What Software Is Needed For Autonomous Vehicles?


To say that software is mission-critical in an autonomous vehicle is almost an understatement. It’s the differentiating factor between one vehicle and the next in terms of capability, performance and self-driving experience. It’s also the quality of, and interaction with, the software that gets you to your destination safely and swiftly.

The latest autonomous vehicles are fully featured artificial intelligence (AI) on wheels and can be referred to as equivalent to a data centre on wheels too. They use AI to understand their environment, so they know what’s going on around them, to recognise objects and classify them as a person, car, truck, moving, stationary and so on.

The AI then has to predict what will happen next, and then pass this information to the decision model to decide what course of action to take. This calculates the safe driving “box” – that is the space in which it is safe for the vehicle to move into.

See – think – do

As humans, we go through a “see-think-do” approach almost without conscious thought. We see or sense something (perception), think (evaluate options available to us and weigh their outcomes) and then we “do” – that is we take an action.

The compute engines in vehicles have to go through a similar process; they use their sensors (cameras, lidar, radar) to predict movement paths and evaluate options (decide) and then they issue an instruction for course correction (action).

The advantage a vehicle has is that it can do this in milliseconds, whereas a human takes a little time. The vehicle also has 360° vision and, unlike a human, no blind spots, and, again unlike a human, it is always paying attention – it won’t get distracted by something at the side of the road or a text coming in.

The role of neural networks

This AI ability is made possible by the advent and widespread adoption of neural networks which are excellent at recognising objects and classifying them. Through computer vision algorithms, cars can also operate white line monitoring effectively. These abilities are then built into a ruleset of what to do under specific circumstances – the self-driving model.
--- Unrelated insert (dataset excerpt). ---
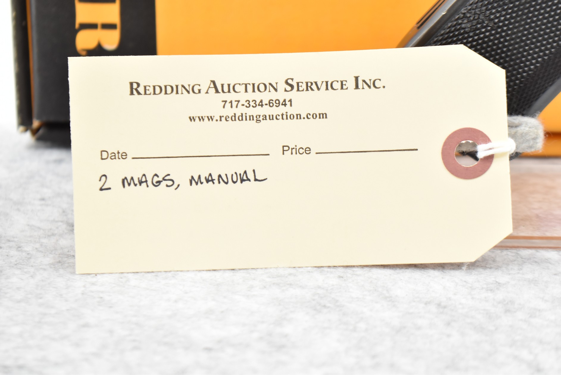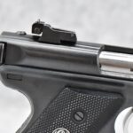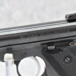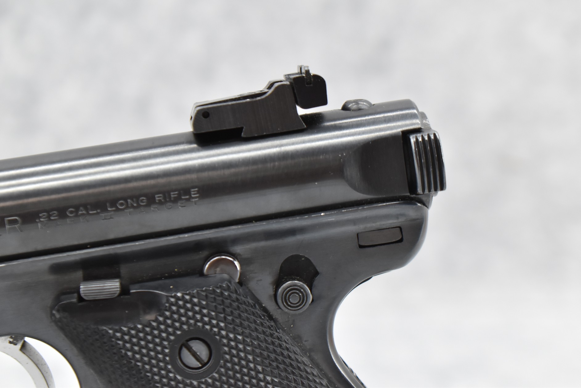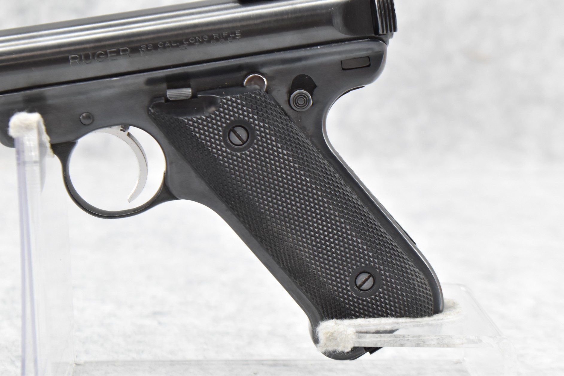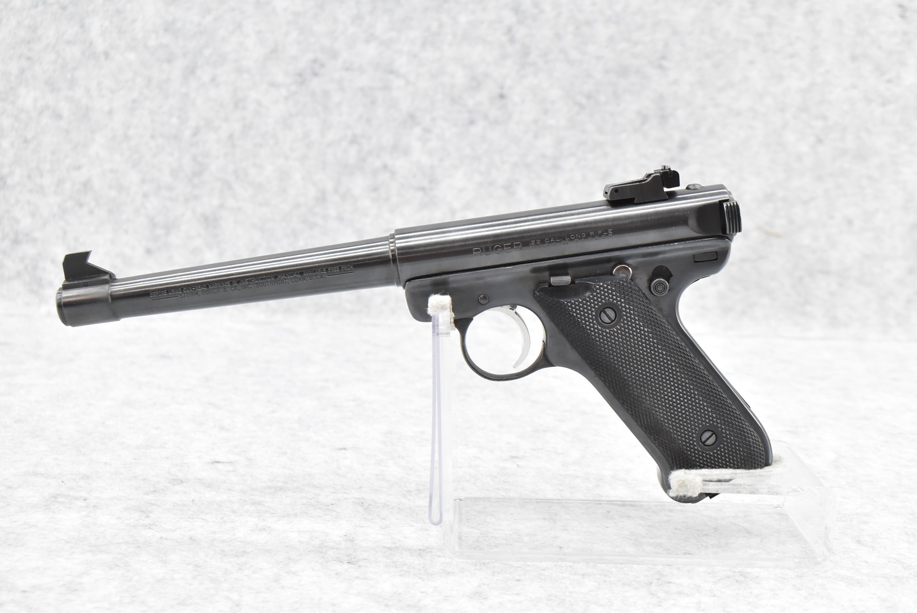 61R. Ruger – Mod. Mark II Target – 22LR Cal. Semi-Auto Pistol – w/6 7/8” Barrel w/Front Blade & Rear Adj. Sights – Blued Finish – w/Factory Checkered Hard Grips w/Silver Eagle Medallion – w/Factory Box, 2 Mags & Manual – Mfg. 1985

This model is trained using thousands of driving hours and millions of miles of real and simulated roads and is the “special sauce” of each autonomous vehicle software company. Their ability to train these models (in the data centre) using real road camera footage and simulated environments is essential.

These simulations are akin to realistic video games (and are created by the same video game companies in many cases), meaning that the cars can encounter both everyday events and unusual occurrences, preparing them for the real thing on the roads.
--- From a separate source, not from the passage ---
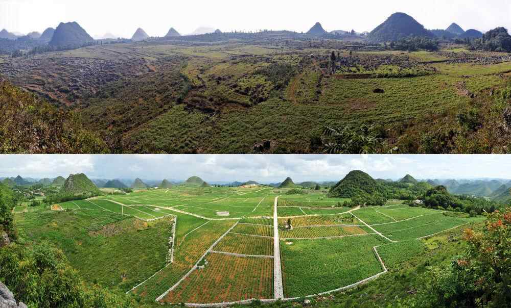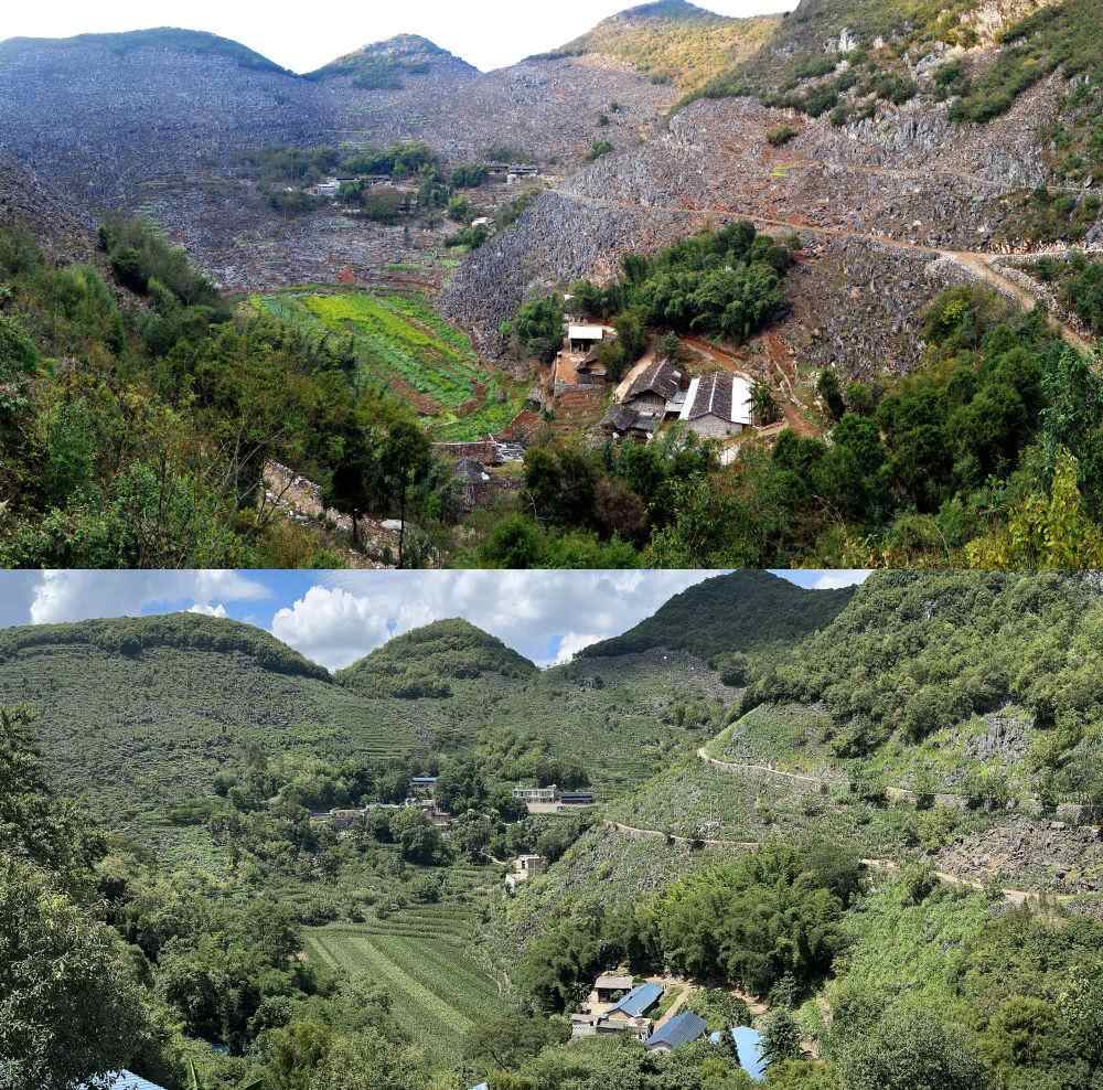 拼版照片:上图为1991年拍摄的西畴县大邬麻村改造前的石漠化情况(西畴县融媒体中心供图);下图为2023年7月26日拍摄的西畴县大邬麻村改造后的情况(新华社记者 费茂华 摄)。

For autonomous driving software, the story and the journey, is just beginning!

In terms of software models, these involve training models (in “training mode”) and adjusting them for accuracy over a period of months, constantly evolving and improving the software and then running them on the vehicle for inferencing. The neural networks are run multiple times a second to inference or “compute” what it is seeing.

These neural networks are known as convolutional neural networks (CNNs) and they can detect, classify and segment, (the latter meaning separate pavement from the road, for instance). In addition, other types of networks such as recurrent neural networks (RNNs) can be used, and this family includes many types of networks that involve loops and can be temporally based.

Imagination’s IP includes both GPUs for training and inference and the award-winning neural network accelerator (NNA). The NNA features the ability to schedule and run multiple different neural networks across its multi-cores or run one large network across all the cores in a multi-core resulting in low-latency and ultra-high performance.

The future of autonomous software

Excitingly, the software we are talking about is constantly evolving, either by being manually tuned or running in shadow mode, where it runs in the background, comparing its own decisions to those a human makes while they drive a real vehicle. This increases the accuracy of the software models when they are exported for real-world use on the vehicle itself.

For autonomous driving software, the story and the journey, is just beginning!